Print the entries in full, word for word, but not the pictures.

= Stored data entries =
= Beginning of Section =
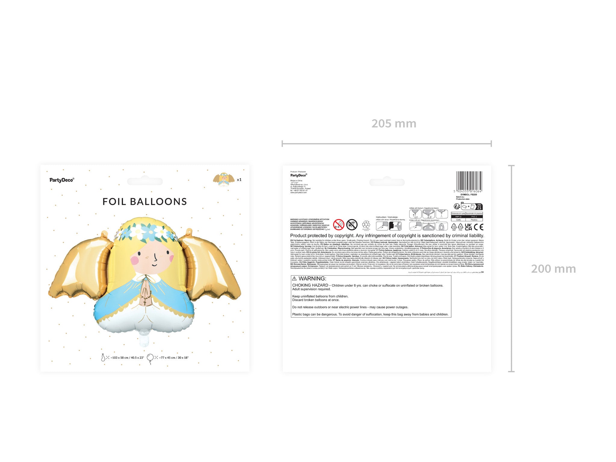 Ballon de baudruche Angel, mélange de couleurs, dimensions pour le gonflage environ. 103 x 58 cm (40,5 x 23''), dimensions après gonflage env. 77 x 45 cm (30 x 18''). Inflottable à l'air et à l'hélium. Le set comprend une paille.
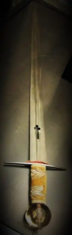 Длина клинка меча — 76 см, ширина в самом широком месте составляет 45 мм, на клинке имеется отверстие в форме креста (45 х 20 мм). Деревянная рукоять меча покрыта желто-коричневой тканью и бархатом, расшитым орнаментом из толстой серебряной нити в виде лавровых ветвей.
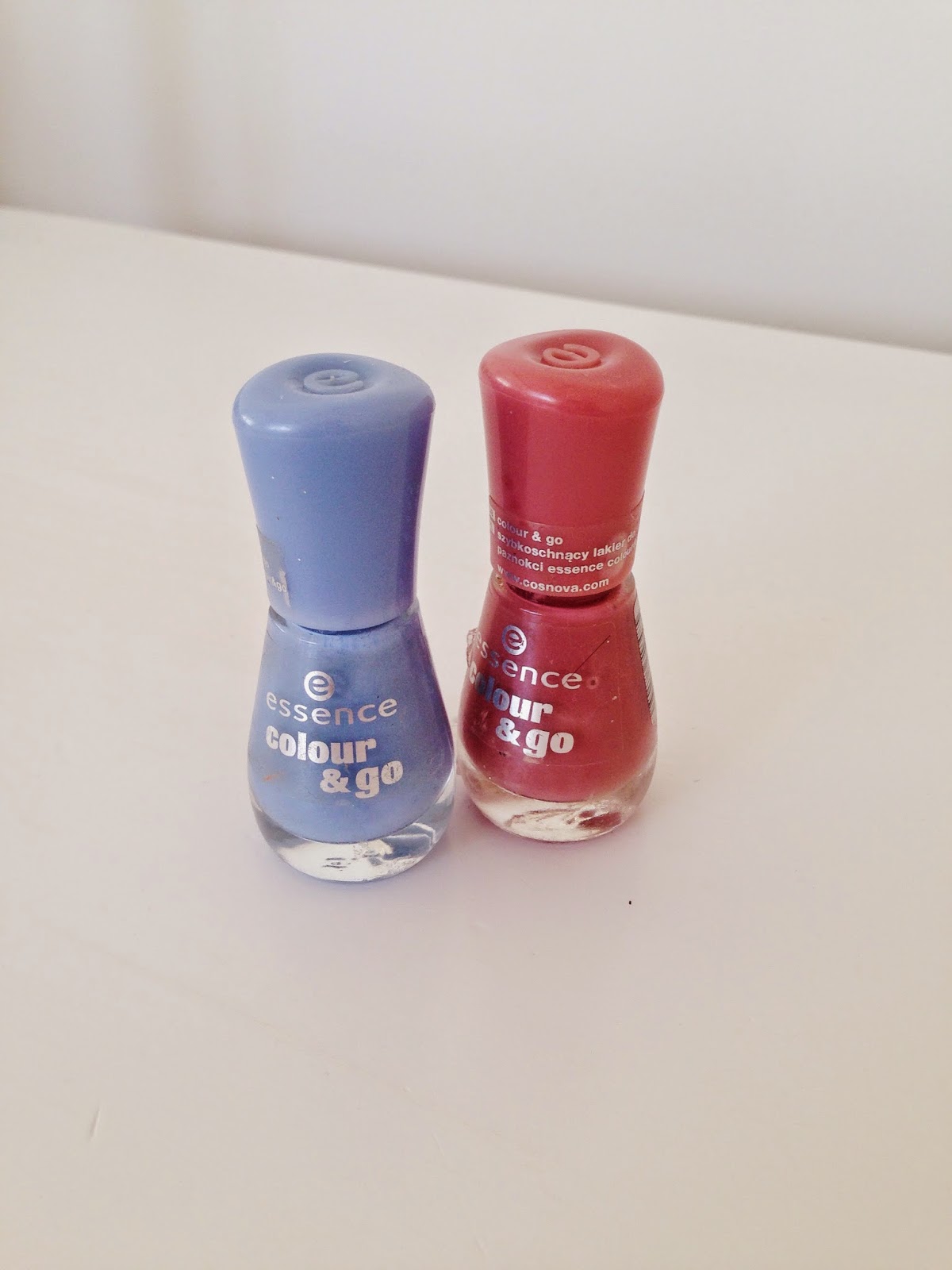 Lakiery "Essence - Color&Go". Fenomen. Cudowne kolory, trwałość, świetna aplikacja. Lakiery bardzo szybko zasychają, mozna mieć je wyjątkowo długo. Błękitny lakier który mogliście zobaczyć na zdjęciach, mam już jakieś dobre 2 lata, jak nie wiecej. Jego konsystencja nawet się nie zmieniła. Gama kolorystyczna tych lakierów poprostu mnie zachwyca. Wchodząc do sklepu i chcąc kupic piękny, różowy, niebieski czy jakikolwiek inny kolor lakieru, moge wybierać nawet spośród kilkunastu odcieni.
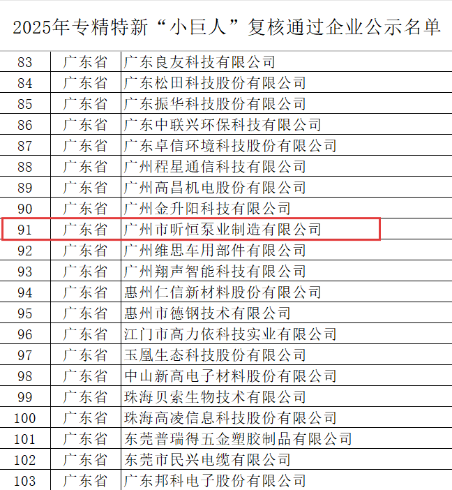 近日,国家工业和信息化部正式公示2025年专精特新“小巨人”复核通过企业名单。广州市昕恒泵业制造有限公司凭借在专业技术、市场应用及创新等方面的综合能力,成功通过复核。
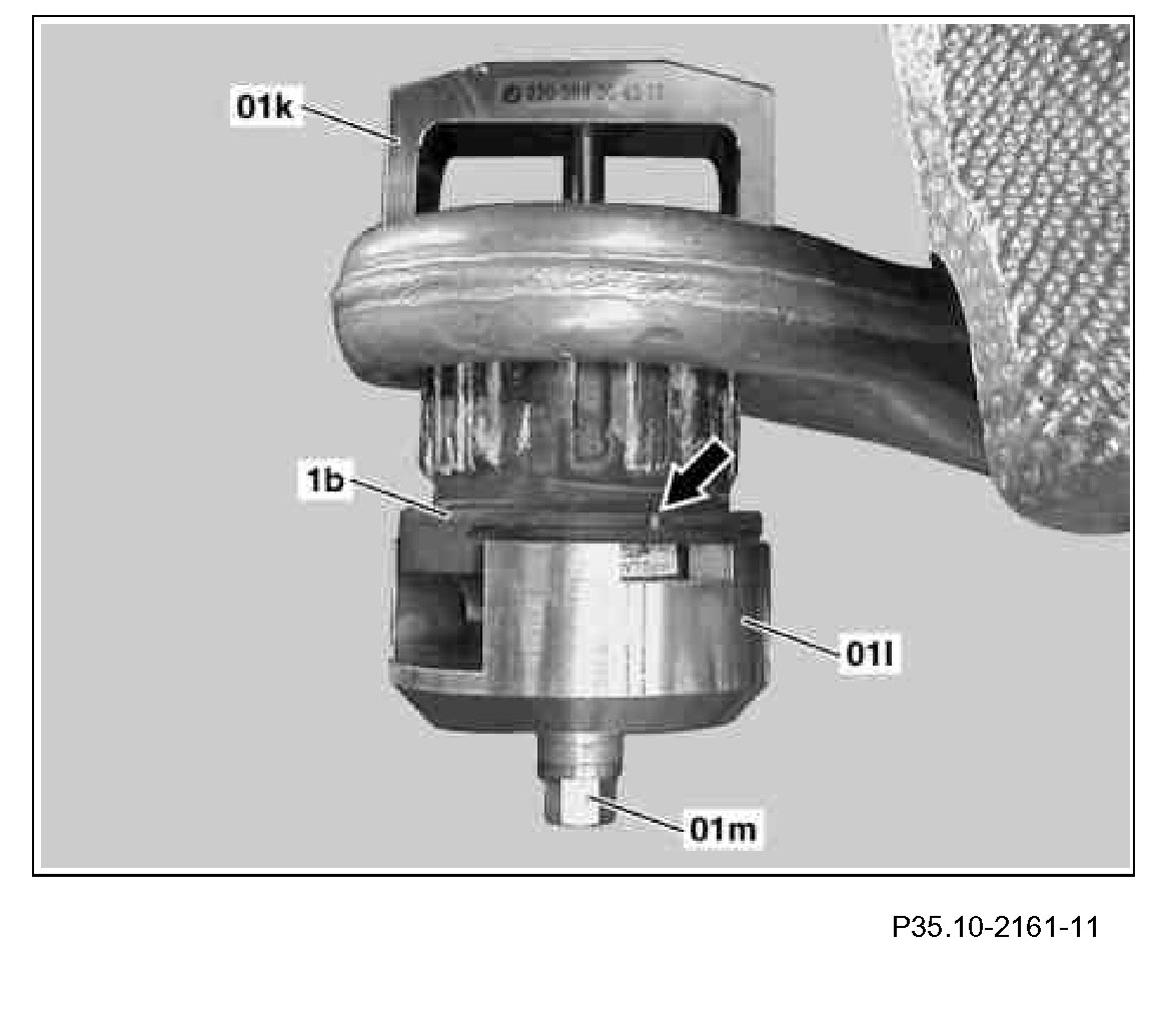 The bumps of the rubber mount (1b) must be seated in the recesses of the thrust piece (01l). Pay attention to installation position. The notch (arrow) of the rubber bushing (1b) must point towards the vehicle rear.
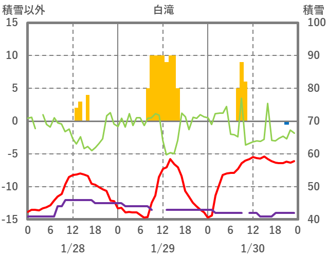 | 日 | 時 | 気温 | 降水 | 風向/風速 | 日照 | 積雪 | 降雪 |
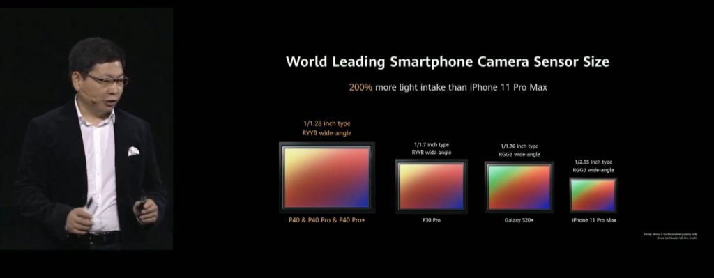 On top of those big number specs, the sensor size itself has been massively increased the main RYYB lens on each phone is a 1/1.28 sensor size up from 1/1.17 on the P30 Pro, and significantly larger than the Galaxy S20+ and iPhone 11 Pro Max.
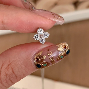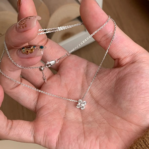 軽奢風S925シルバーダイヤモンド四つ葉のクローバー鎖骨チェーン レディース ミニマリストファッション マイクロインレイ四つ葉のクローバー エレガントで万能なイヤリング
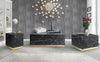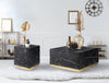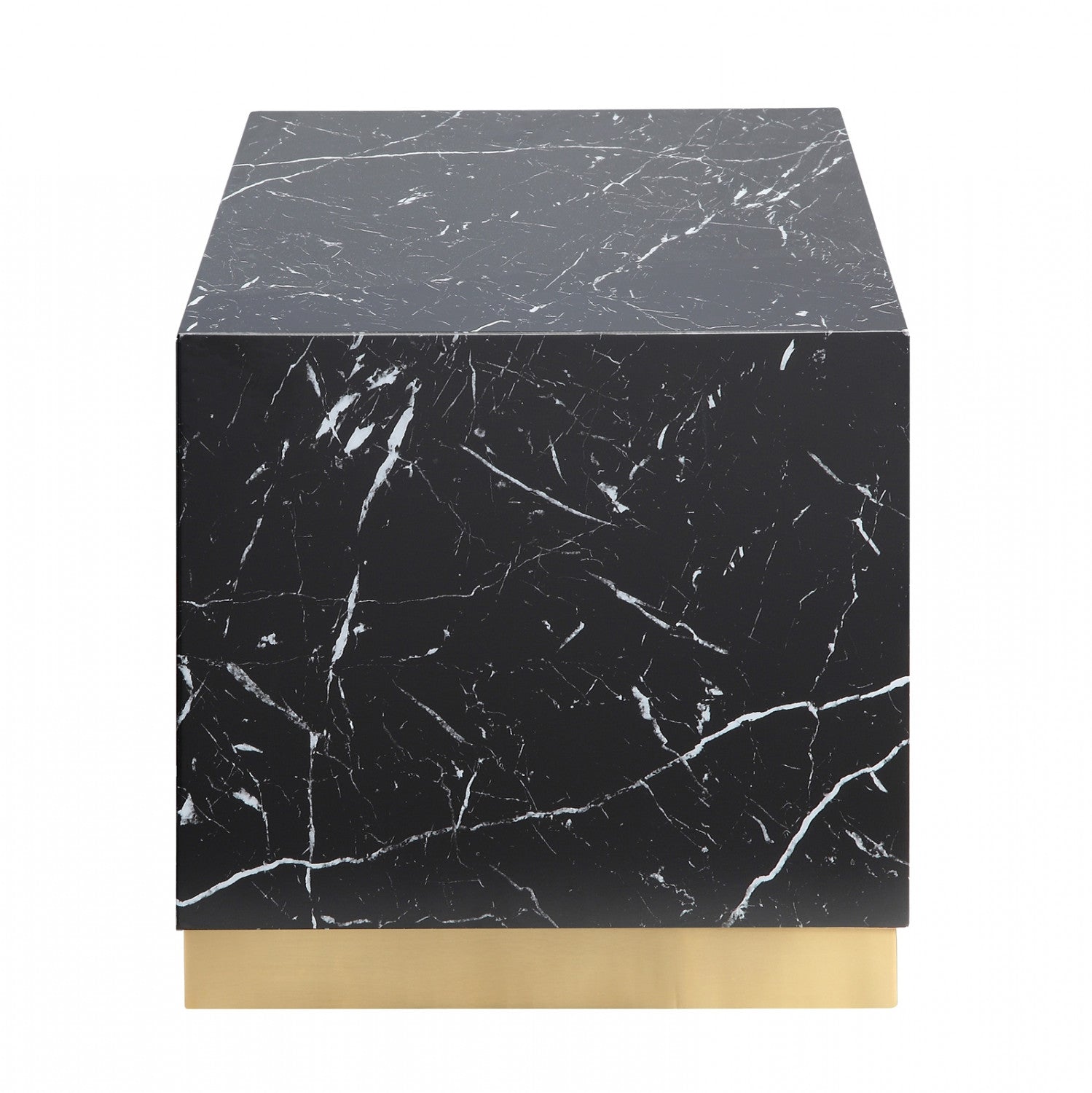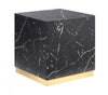Your living room is certain to stand out and delight guests with the addition of the alluring Aphrodite Occasional Collection. This eye-catching end table makes a bold statement thanks to its unique solid design and exquisite faux marble finish. Striking black is shot through with white veining, accented by the contrasting brushed gold finish of the metal base for an extra touch of glamour. A clear matte top coat adds a subtle luster and durability, protecting your table from stains and scratches and creating a surface that is easy to clean and maintain. Also available in white.
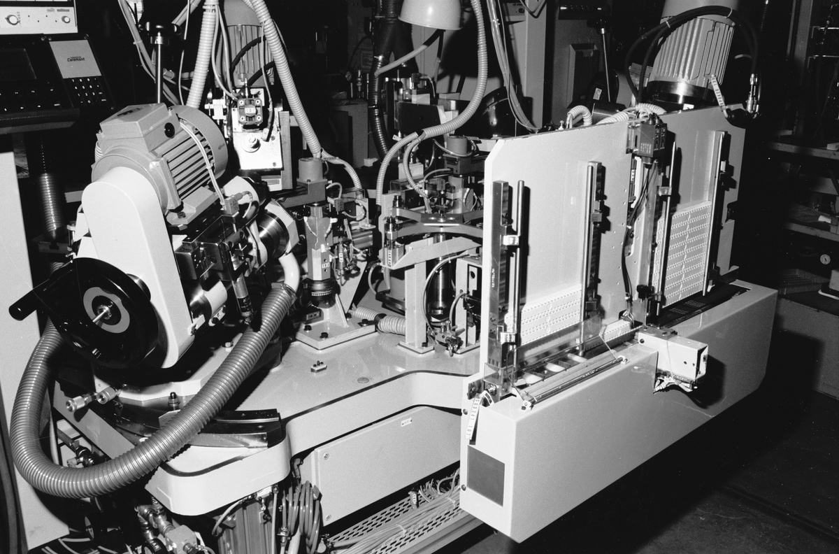 SLIPNING AV FRÄSSKÄR Ovanstående arbetstempon tidigare manuellt utförda slipmaskin SAFAG har nu automatiserats i en helt ny maskinkonstruktion som benämnes Combi-fas >> DUO. >>
= End of Section =
= Written solution =
 Ballon de baudruche Angel, mélange de couleurs, dimensions pour le gonflage environ. 103 x 58 cm (40,5 x 23''), dimensions après gonflage env. 77 x 45 cm (30 x 18''). Inflottable à l'air et à l'hélium. Le set comprend une paille.
 Длина клинка меча — 76 см, ширина в самом широком месте составляет 45 мм, на клинке имеется отверстие в форме креста (45 х 20 мм). Деревянная рукоять меча покрыта желто-коричневой тканью и бархатом, расшитым орнаментом из толстой серебряной нити в виде лавровых ветвей.
 Lakiery "Essence - Color&Go". Fenomen. Cudowne kolory, trwałość, świetna aplikacja. Lakiery bardzo szybko zasychają, mozna mieć je wyjątkowo długo. Błękitny lakier który mogliście zobaczyć na zdjęciach, mam już jakieś dobre 2 lata, jak nie wiecej. Jego konsystencja nawet się nie zmieniła. Gama kolorystyczna tych lakierów poprostu mnie zachwyca. Wchodząc do sklepu i chcąc kupic piękny, różowy, niebieski czy jakikolwiek inny kolor lakieru, moge wybierać nawet spośród kilkunastu odcieni.
 近日,国家工业和信息化部正式公示2025年专精特新“小巨人”复核通过企业名单。广州市昕恒泵业制造有限公司凭借在专业技术、市场应用及创新等方面的综合能力,成功通过复核。
 The bumps of the rubber mount (1b) must be seated in the recesses of the thrust piece (01l). Pay attention to installation position. The notch (arrow) of the rubber bushing (1b) must point towards the vehicle rear.
 | 日 | 時 | 気温 | 降水 | 風向/風速 | 日照 | 積雪 | 降雪 |
 On top of those big number specs, the sensor size itself has been massively increased the main RYYB lens on each phone is a 1/1.28 sensor size up from 1/1.17 on the P30 Pro, and significantly larger than the Galaxy S20+ and iPhone 11 Pro Max.
 軽奢風S925シルバーダイヤモンド四つ葉のクローバー鎖骨チェーン レディース ミニマリストファッション マイクロインレイ四つ葉のクローバー エレガントで万能なイヤリング
Your living room is certain to stand out and delight guests with the addition of the alluring Aphrodite Occasional Collection. This eye-catching end table makes a bold statement thanks to its unique solid design and exquisite faux marble finish. Striking black is shot through with white veining, accented by the contrasting brushed gold finish of the metal base for an extra touch of glamour. A clear matte top coat adds a subtle luster and durability, protecting your table from stains and scratches and creating a surface that is easy to clean and maintain. Also available in white.
 SLIPNING AV FRÄSSKÄR Ovanstående arbetstempon tidigare manuellt utförda slipmaskin SAFAG har nu automatiserats i en helt ny maskinkonstruktion som benämnes Combi-fas >> DUO. >>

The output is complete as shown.